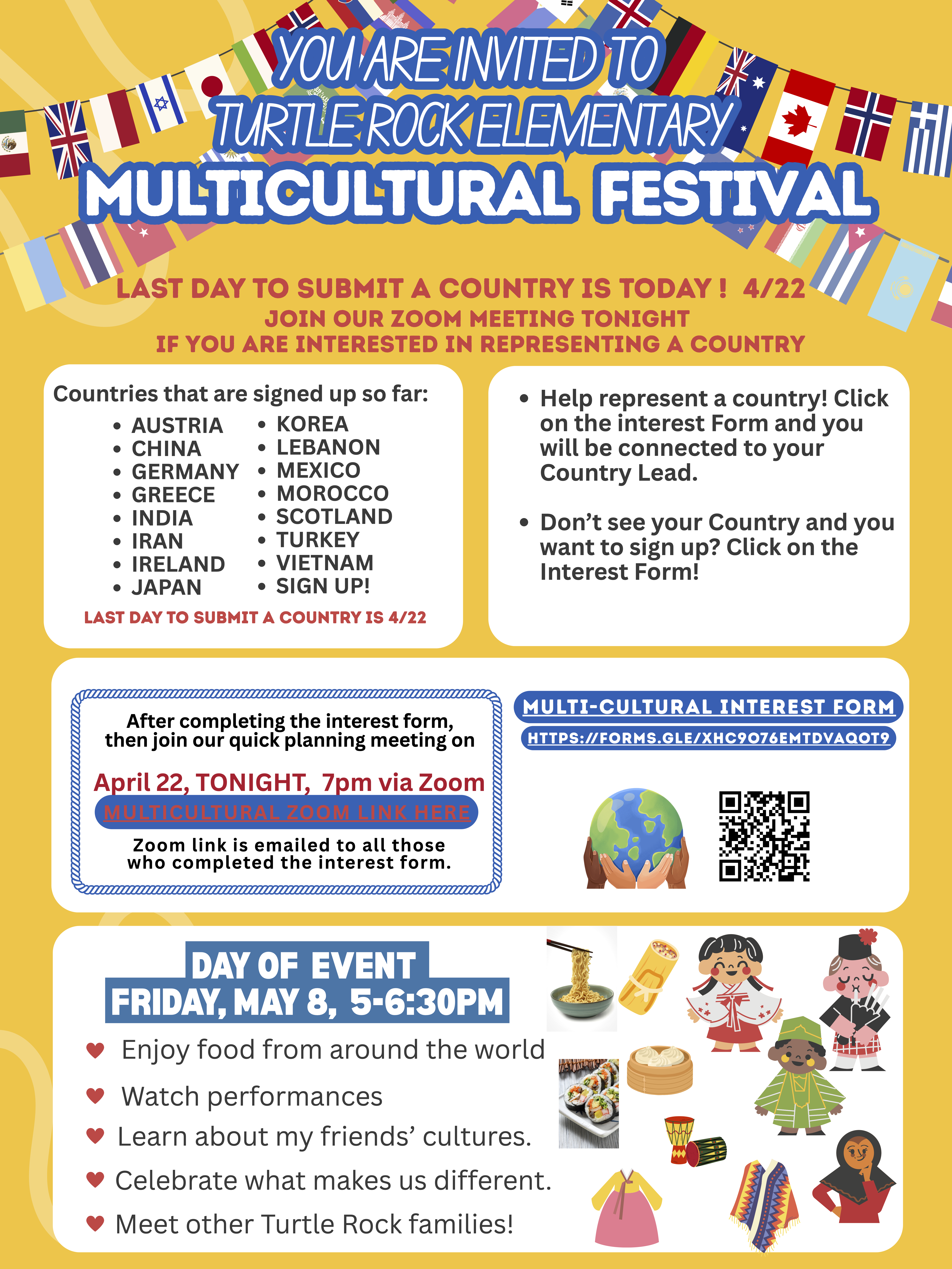 Multicultural Festival Meeting & Last Day to Sign Up for Table
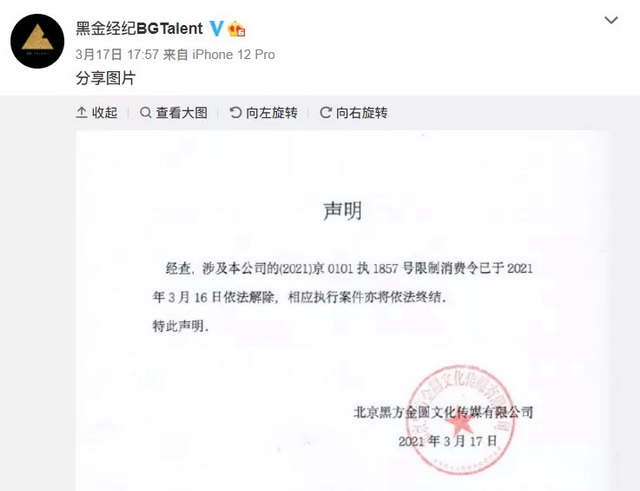 其间一个小反转是,此条限制消费令在3月16日解除。但这次的事件却尚未停止喧嚣,黑金娱乐CEO尚雯婕连上两次热搜,黑金经纪从2018年就开始的纠纷也再次被呈到公众面前。
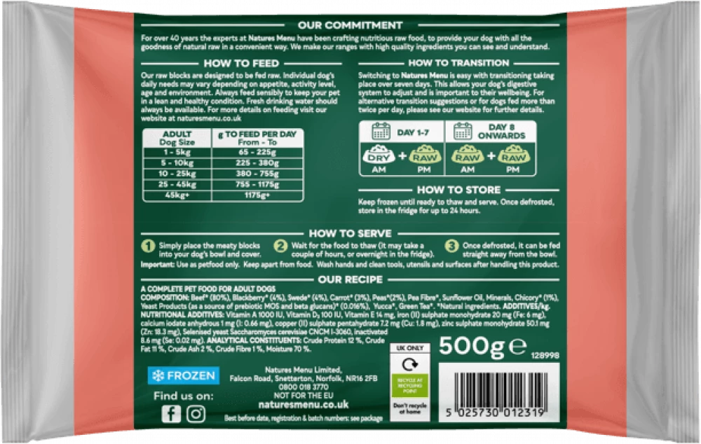 Natures Menu Complete & Balanced Raw Beef For Adult Dogs 500g

» Task to carry out: Drop the pictures; repeat the listing above exactly.

» Task output:
 Multicultural Festival Meeting & Last Day to Sign Up for Table
 其间一个小反转是,此条限制消费令在3月16日解除。但这次的事件却尚未停止喧嚣,黑金娱乐CEO尚雯婕连上两次热搜,黑金经纪从2018年就开始的纠纷也再次被呈到公众面前。
 Natures Menu Complete & Balanced Raw Beef For Adult Dogs 500g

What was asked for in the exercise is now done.